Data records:

=== Begin Enclosure ===

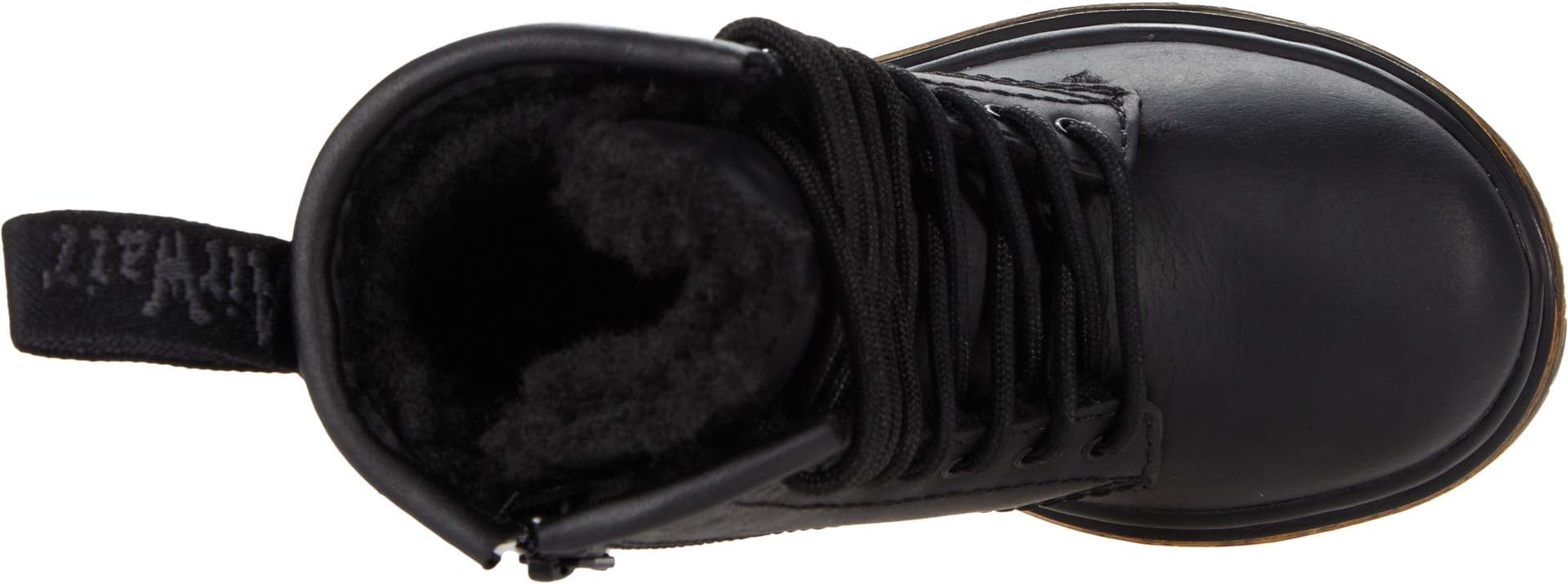 • Сохраните свои ноги сухими и в тепле в ботинках Dr. Marten's Kid's Collection 1460 Serena Mono из водоотталкивающей кожи с черными прострочками.
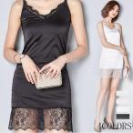 ペチコート サテン ロング キャミ スリップ レース vネック インナー ロングキャミ 透け防止 ベージュ 調節 大きいサイズ 新作
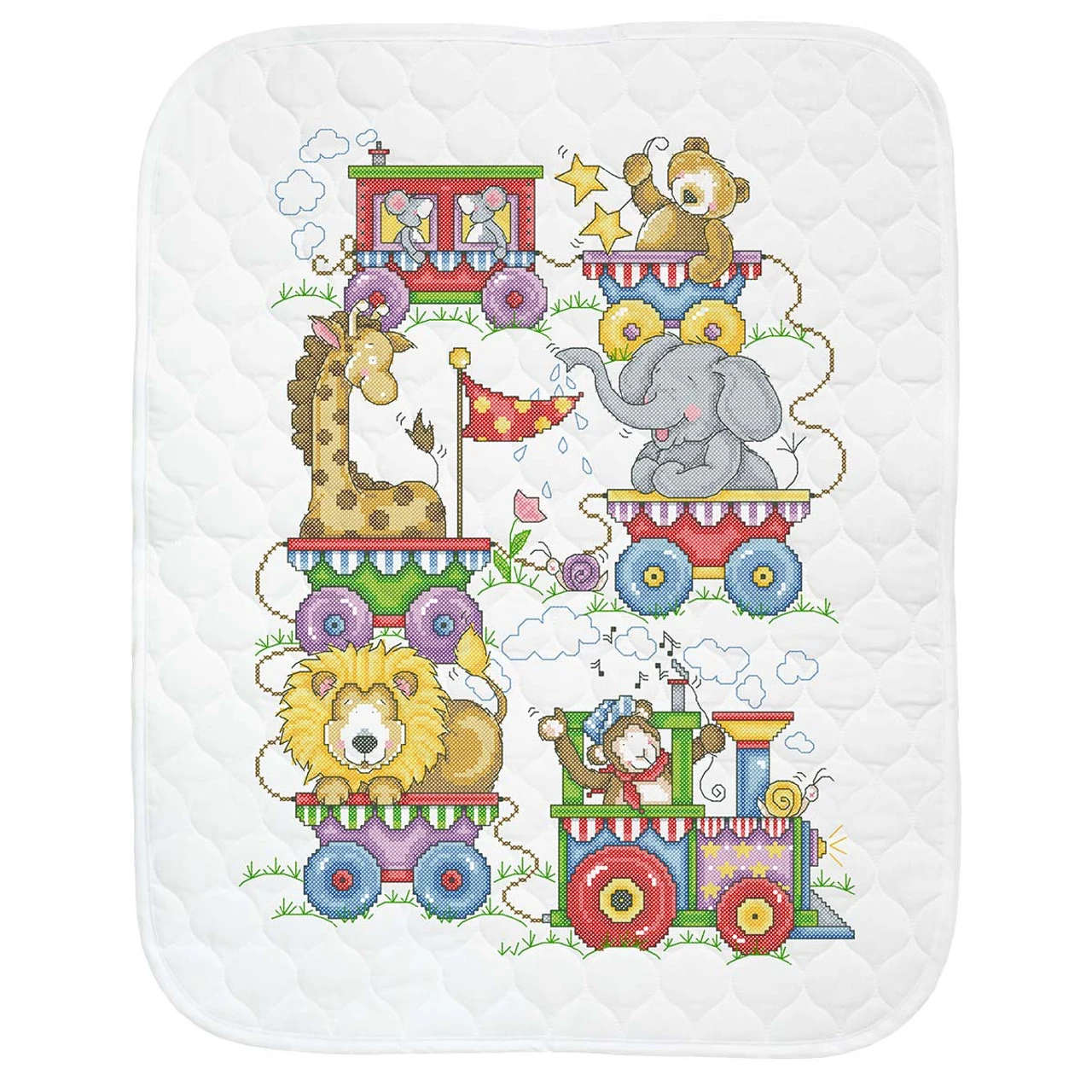 Herrschners Circus Train Baby Quilt Stamped Cross-Stitch Kit
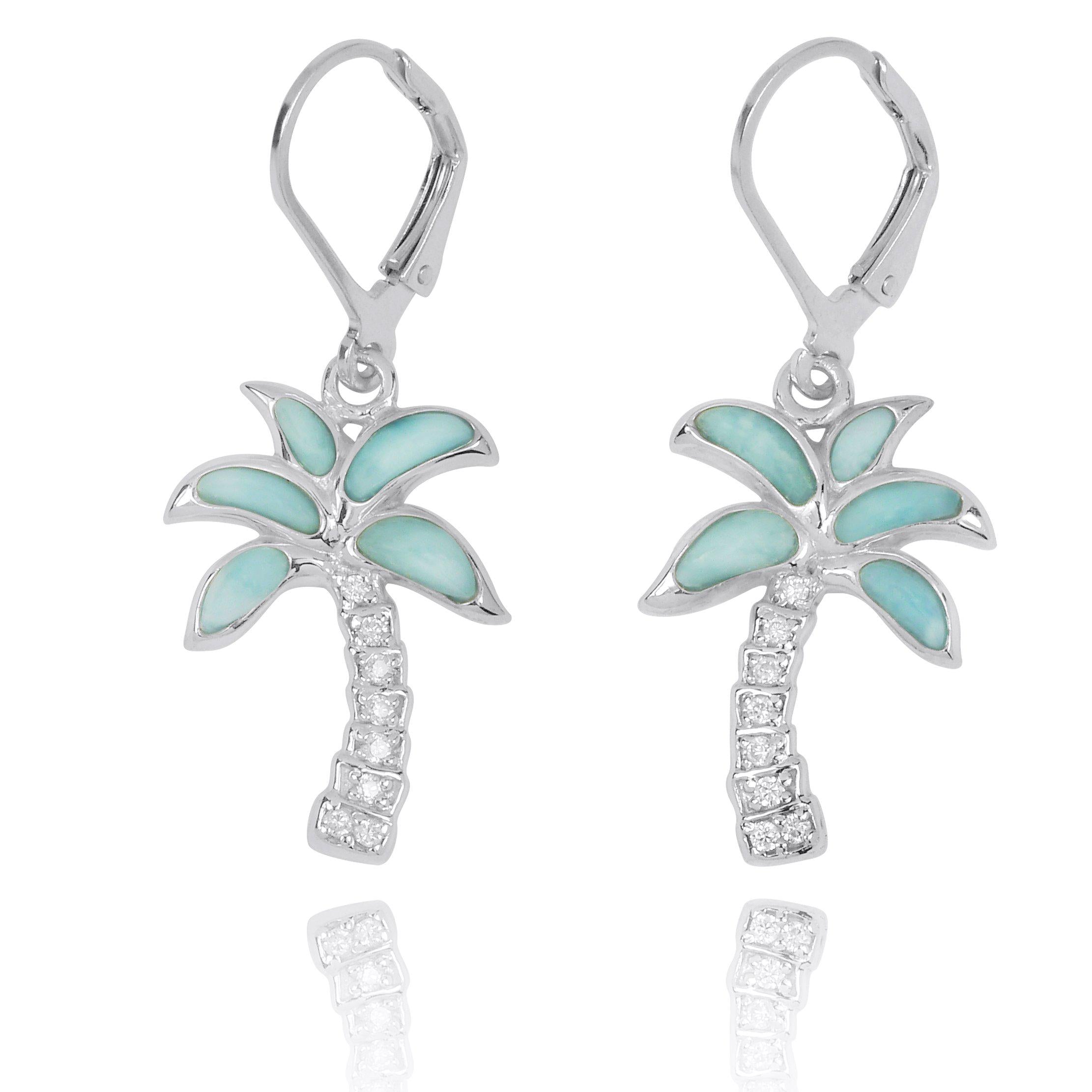 These beautiful earrings are made of 925 Sterling Silver and plated with Rhodium to protect the finish from scratches and tarnishing. Each lever back earring features a tropical palm tree whose leaves are represented by semi-precious Larimar stones and whose trunk is encrusted with eight White Cubic Zirconia that produces more color or 'fire' than a diamond.
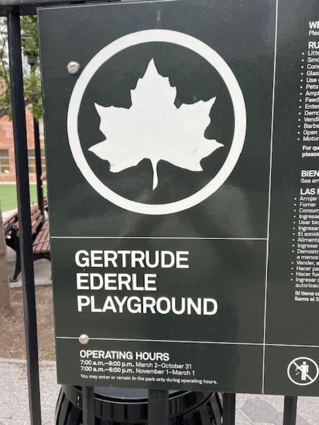 As I walked back down to West 59th Street, I crossed the street to a popular park. Near the local school is Gertrude Ederle Playground which sits next to the Gertrude Ederle Recreation Center. This park stretches from West 59th to West 60th Street and is a very popular park with the areas families offering many whimsical playground jungle gyms and swings and a very nice field for soccer and baseball. It also offers a very nice public bathroom that is nice to have when walking around the area.
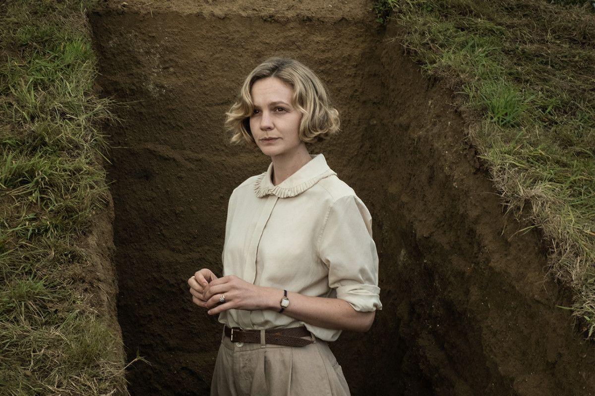 No final, a guerra vai começar. Milhões nela morrerão. Já era assim muito antes de Redualdo, como mostram as estelas no British Museum com as campanhas militares de Assurbanipal, que viveu 1200 anos antes do rei da Ânglia Oriental. As pessoas desaparecem, mas o que tornou sua vida mais bela e suportável fica. Em uma conversa com Brown, no carro, Edith perde o controle emocional; sabe que está doente e vai morrer. Os túmulos encontrados em sua propriedade, onde nem o corpo nem o barco do chefe guerreiro sepultado perduraram, são uma parábola para a sua própria mortalidade. Ela diz: “We die and we decay. We don´t live on”. Basil Brown discorda. Faz isso da maneira mais caricaturalmente inglesa, dizendo: “Oh, I´m not sure I agree”. Ele acredita que, desde que o homem primeiro deixou a marca de sua mão nas cavernas pré-históricas, somos todos, nas sucessivas gerações, parte de algo contínuo e que, por isso, não morremos de verdade. Pouco depois, a história acabando, acontece a cena mais emocionante. O filho de Edith, Robert, ainda criança — interpretado inteligentemente por Archie Barnes — compartilha com ela a sua ideia poética do que significa partir, enquanto os dois estão deitados na grama perto da escavação, de noite, olhando as estrelas. Robert provavelmente não entende que está explicando à sua mãe a morte dela, mas acalma seus temores.
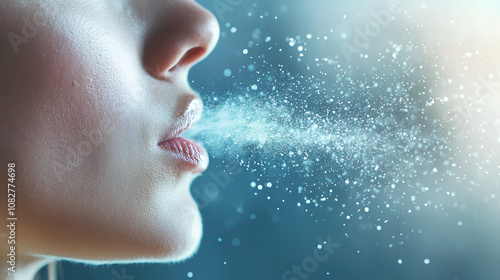 close up portrait of coughing person, phlegm from cough, spread of diseases through cough
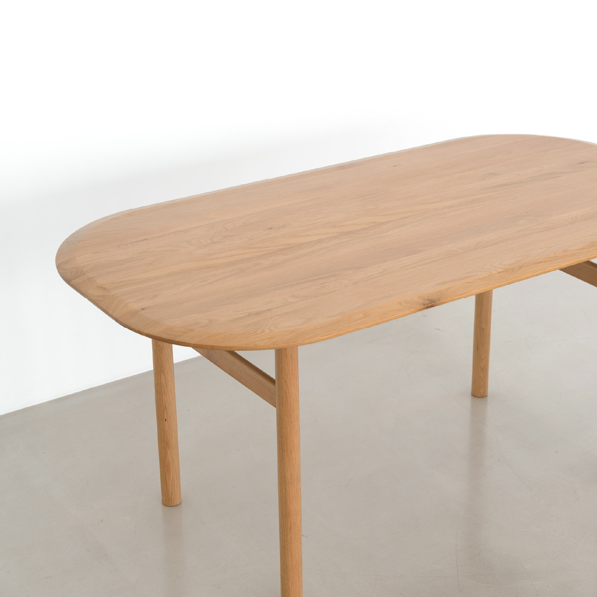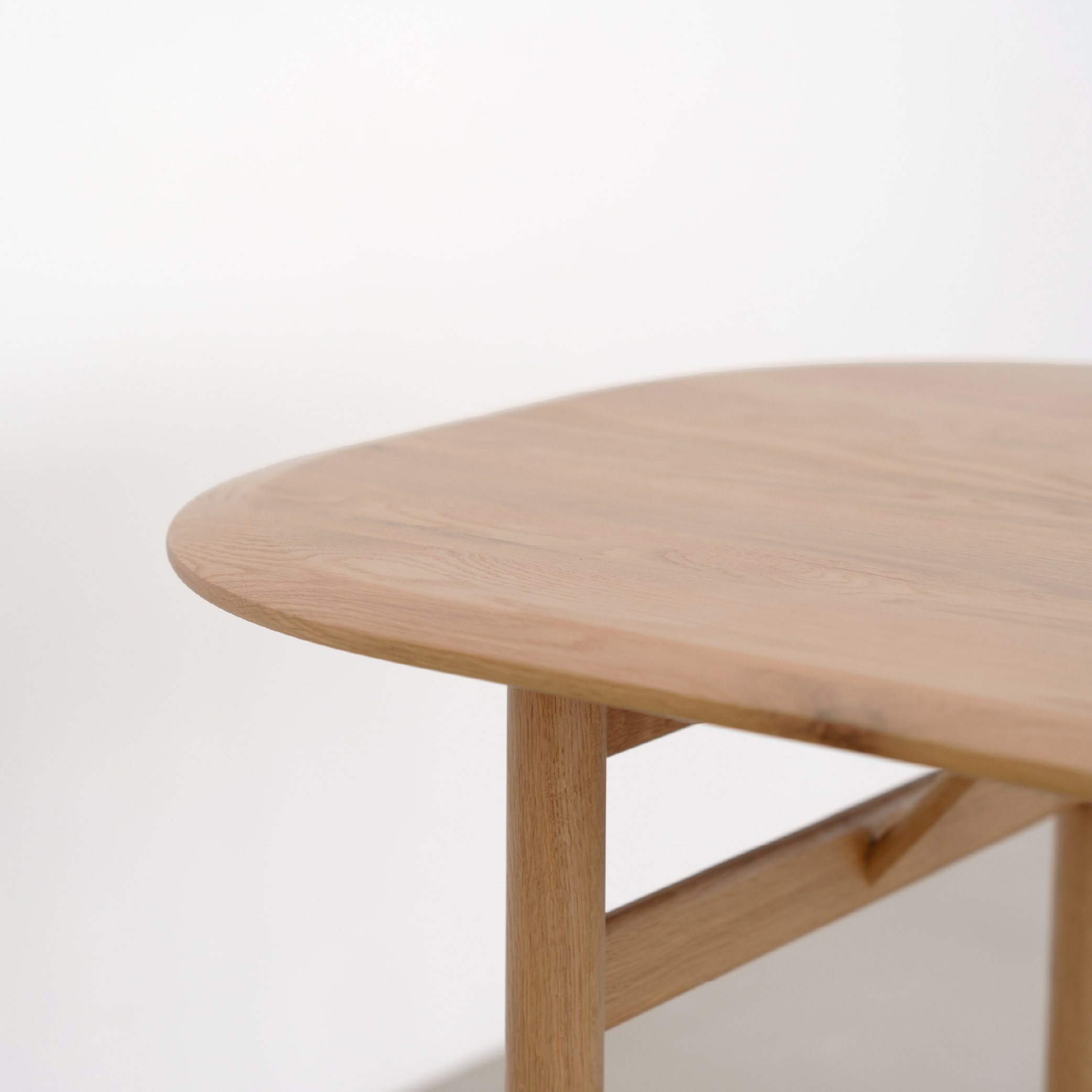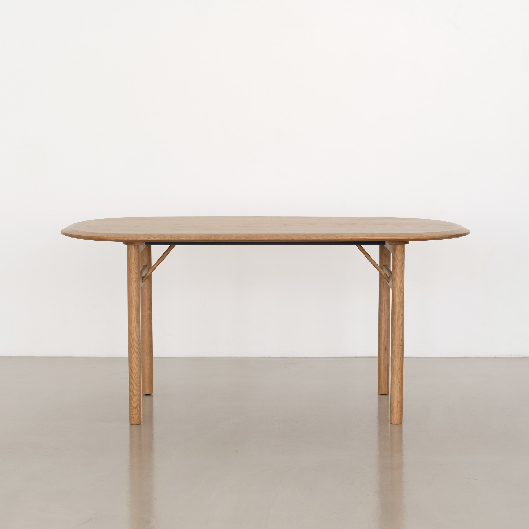 丸みを帯びた優しいデザインが魅力の無垢材ダイニングテーブル。
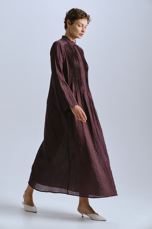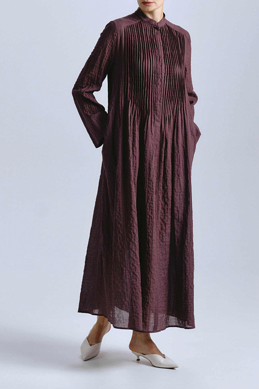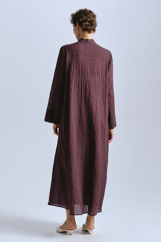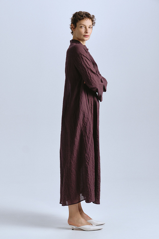 Эффектное платье-рубашка летящего силуэта выполнено из жатого хлопка с добалением эластана.. Длинное, свободное, как символ высокого статуса. Классический крой всегда актуален. Комфортный длинный рукав завершает двойной слой ткани и придает законченность. Маленькие пуговицы, скрытые под планкой, и рубашечный ворот поддерживают классику образа. Защипы от линии плеча по переду пикантно скрывают скульптурность тела. От условной линии талии защипы расходятся и придают динамику при ходьбе. Вместительные карманы — не просто декор, это комфорт и удобство. Скрытый крой карманов не добавляет лишнего объема, сохраняя чистоту линий. Это платье-рубашка для для смелых и уверенных в своем стиле.
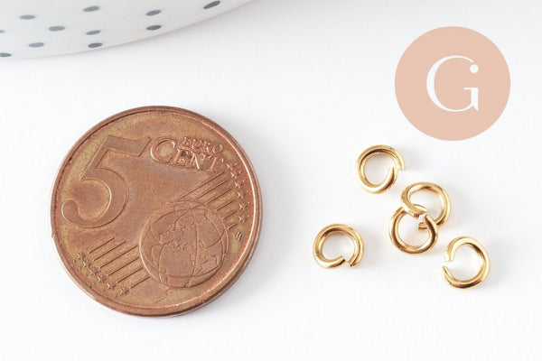 Utilice estos anillos de salto de acero inoxidable IP 304 dorados para crear sus joyas. Te permitirán fijar tus charms, colgantes y cadenas a diversos soportes.

=== End Enclosure ===

From the records given above, reproduce all text exactly and exclude each picture.

 • Сохраните свои ноги сухими и в тепле в ботинках Dr. Marten's Kid's Collection 1460 Serena Mono из водоотталкивающей кожи с черными прострочками.
 ペチコート サテン ロング キャミ スリップ レース vネック インナー ロングキャミ 透け防止 ベージュ 調節 大きいサイズ 新作
 Herrschners Circus Train Baby Quilt Stamped Cross-Stitch Kit
 These beautiful earrings are made of 925 Sterling Silver and plated with Rhodium to protect the finish from scratches and tarnishing. Each lever back earring features a tropical palm tree whose leaves are represented by semi-precious Larimar stones and whose trunk is encrusted with eight White Cubic Zirconia that produces more color or 'fire' than a diamond.
 As I walked back down to West 59th Street, I crossed the street to a popular park. Near the local school is Gertrude Ederle Playground which sits next to the Gertrude Ederle Recreation Center. This park stretches from West 59th to West 60th Street and is a very popular park with the areas families offering many whimsical playground jungle gyms and swings and a very nice field for soccer and baseball. It also offers a very nice public bathroom that is nice to have when walking around the area.
 No final, a guerra vai começar. Milhões nela morrerão. Já era assim muito antes de Redualdo, como mostram as estelas no British Museum com as campanhas militares de Assurbanipal, que viveu 1200 anos antes do rei da Ânglia Oriental. As pessoas desaparecem, mas o que tornou sua vida mais bela e suportável fica. Em uma conversa com Brown, no carro, Edith perde o controle emocional; sabe que está doente e vai morrer. Os túmulos encontrados em sua propriedade, onde nem o corpo nem o barco do chefe guerreiro sepultado perduraram, são uma parábola para a sua própria mortalidade. Ela diz: “We die and we decay. We don´t live on”. Basil Brown discorda. Faz isso da maneira mais caricaturalmente inglesa, dizendo: “Oh, I´m not sure I agree”. Ele acredita que, desde que o homem primeiro deixou a marca de sua mão nas cavernas pré-históricas, somos todos, nas sucessivas gerações, parte de algo contínuo e que, por isso, não morremos de verdade. Pouco depois, a história acabando, acontece a cena mais emocionante. O filho de Edith, Robert, ainda criança — interpretado inteligentemente por Archie Barnes — compartilha com ela a sua ideia poética do que significa partir, enquanto os dois estão deitados na grama perto da escavação, de noite, olhando as estrelas. Robert provavelmente não entende que está explicando à sua mãe a morte dela, mas acalma seus temores.
 close up portrait of coughing person, phlegm from cough, spread of diseases through cough
 丸みを帯びた優しいデザインが魅力の無垢材ダイニングテーブル。
 Эффектное платье-рубашка летящего силуэта выполнено из жатого хлопка с добалением эластана.. Длинное, свободное, как символ высокого статуса. Классический крой всегда актуален. Комфортный длинный рукав завершает двойной слой ткани и придает законченность. Маленькие пуговицы, скрытые под планкой, и рубашечный ворот поддерживают классику образа. Защипы от линии плеча по переду пикантно скрывают скульптурность тела. От условной линии талии защипы расходятся и придают динамику при ходьбе. Вместительные карманы — не просто декор, это комфорт и удобство. Скрытый крой карманов не добавляет лишнего объема, сохраняя чистоту линий. Это платье-рубашка для для смелых и уверенных в своем стиле.
 Utilice estos anillos de salto de acero inoxidable IP 304 dorados para crear sus joyas. Te permitirán fijar tus charms, colgantes y cadenas a diversos soportes.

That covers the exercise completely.